Segment Start: MATERIAL PROVIDED

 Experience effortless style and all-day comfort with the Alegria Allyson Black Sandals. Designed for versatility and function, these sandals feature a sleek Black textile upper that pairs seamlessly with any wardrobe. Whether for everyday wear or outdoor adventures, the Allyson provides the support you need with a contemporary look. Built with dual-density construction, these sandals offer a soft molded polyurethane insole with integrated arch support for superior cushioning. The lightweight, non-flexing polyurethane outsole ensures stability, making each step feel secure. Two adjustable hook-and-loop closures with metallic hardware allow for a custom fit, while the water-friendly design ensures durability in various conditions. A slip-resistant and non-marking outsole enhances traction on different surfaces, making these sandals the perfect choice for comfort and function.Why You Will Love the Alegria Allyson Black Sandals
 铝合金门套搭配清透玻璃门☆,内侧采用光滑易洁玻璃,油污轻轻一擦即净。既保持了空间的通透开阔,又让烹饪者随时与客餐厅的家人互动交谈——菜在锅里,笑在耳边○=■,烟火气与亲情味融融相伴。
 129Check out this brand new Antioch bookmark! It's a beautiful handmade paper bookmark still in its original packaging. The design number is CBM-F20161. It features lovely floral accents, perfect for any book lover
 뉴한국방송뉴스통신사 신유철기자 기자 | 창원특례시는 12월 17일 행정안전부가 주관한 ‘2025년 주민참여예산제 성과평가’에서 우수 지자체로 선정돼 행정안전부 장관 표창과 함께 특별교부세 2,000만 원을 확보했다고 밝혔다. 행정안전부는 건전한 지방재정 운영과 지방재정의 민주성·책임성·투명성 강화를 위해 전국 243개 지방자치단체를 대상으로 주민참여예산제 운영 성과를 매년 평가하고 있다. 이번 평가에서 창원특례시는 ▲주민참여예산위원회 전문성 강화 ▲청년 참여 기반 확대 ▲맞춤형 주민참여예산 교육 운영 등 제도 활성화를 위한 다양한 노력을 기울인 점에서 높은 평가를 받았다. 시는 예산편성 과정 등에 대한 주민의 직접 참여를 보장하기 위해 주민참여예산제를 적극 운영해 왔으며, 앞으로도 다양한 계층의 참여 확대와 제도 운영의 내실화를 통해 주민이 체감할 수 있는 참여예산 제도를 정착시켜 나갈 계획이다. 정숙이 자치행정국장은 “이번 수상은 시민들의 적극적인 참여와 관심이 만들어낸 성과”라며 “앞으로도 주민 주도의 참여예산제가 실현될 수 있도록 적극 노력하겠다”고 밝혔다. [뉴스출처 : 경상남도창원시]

Segment End: MATERIAL PROVIDED

### TASK DETAILS
Transcribe the whole listing with nothing added or left out.

### EXERCISE RESULT
 Experience effortless style and all-day comfort with the Alegria Allyson Black Sandals. Designed for versatility and function, these sandals feature a sleek Black textile upper that pairs seamlessly with any wardrobe. Whether for everyday wear or outdoor adventures, the Allyson provides the support you need with a contemporary look. Built with dual-density construction, these sandals offer a soft molded polyurethane insole with integrated arch support for superior cushioning. The lightweight, non-flexing polyurethane outsole ensures stability, making each step feel secure. Two adjustable hook-and-loop closures with metallic hardware allow for a custom fit, while the water-friendly design ensures durability in various conditions. A slip-resistant and non-marking outsole enhances traction on different surfaces, making these sandals the perfect choice for comfort and function.Why You Will Love the Alegria Allyson Black Sandals
 铝合金门套搭配清透玻璃门☆,内侧采用光滑易洁玻璃,油污轻轻一擦即净。既保持了空间的通透开阔,又让烹饪者随时与客餐厅的家人互动交谈——菜在锅里,笑在耳边○=■,烟火气与亲情味融融相伴。
 129Check out this brand new Antioch bookmark! It's a beautiful handmade paper bookmark still in its original packaging. The design number is CBM-F20161. It features lovely floral accents, perfect for any book lover
 뉴한국방송뉴스통신사 신유철기자 기자 | 창원특례시는 12월 17일 행정안전부가 주관한 ‘2025년 주민참여예산제 성과평가’에서 우수 지자체로 선정돼 행정안전부 장관 표창과 함께 특별교부세 2,000만 원을 확보했다고 밝혔다. 행정안전부는 건전한 지방재정 운영과 지방재정의 민주성·책임성·투명성 강화를 위해 전국 243개 지방자치단체를 대상으로 주민참여예산제 운영 성과를 매년 평가하고 있다. 이번 평가에서 창원특례시는 ▲주민참여예산위원회 전문성 강화 ▲청년 참여 기반 확대 ▲맞춤형 주민참여예산 교육 운영 등 제도 활성화를 위한 다양한 노력을 기울인 점에서 높은 평가를 받았다. 시는 예산편성 과정 등에 대한 주민의 직접 참여를 보장하기 위해 주민참여예산제를 적극 운영해 왔으며, 앞으로도 다양한 계층의 참여 확대와 제도 운영의 내실화를 통해 주민이 체감할 수 있는 참여예산 제도를 정착시켜 나갈 계획이다. 정숙이 자치행정국장은 “이번 수상은 시민들의 적극적인 참여와 관심이 만들어낸 성과”라며 “앞으로도 주민 주도의 참여예산제가 실현될 수 있도록 적극 노력하겠다”고 밝혔다. [뉴스출처 : 경상남도창원시]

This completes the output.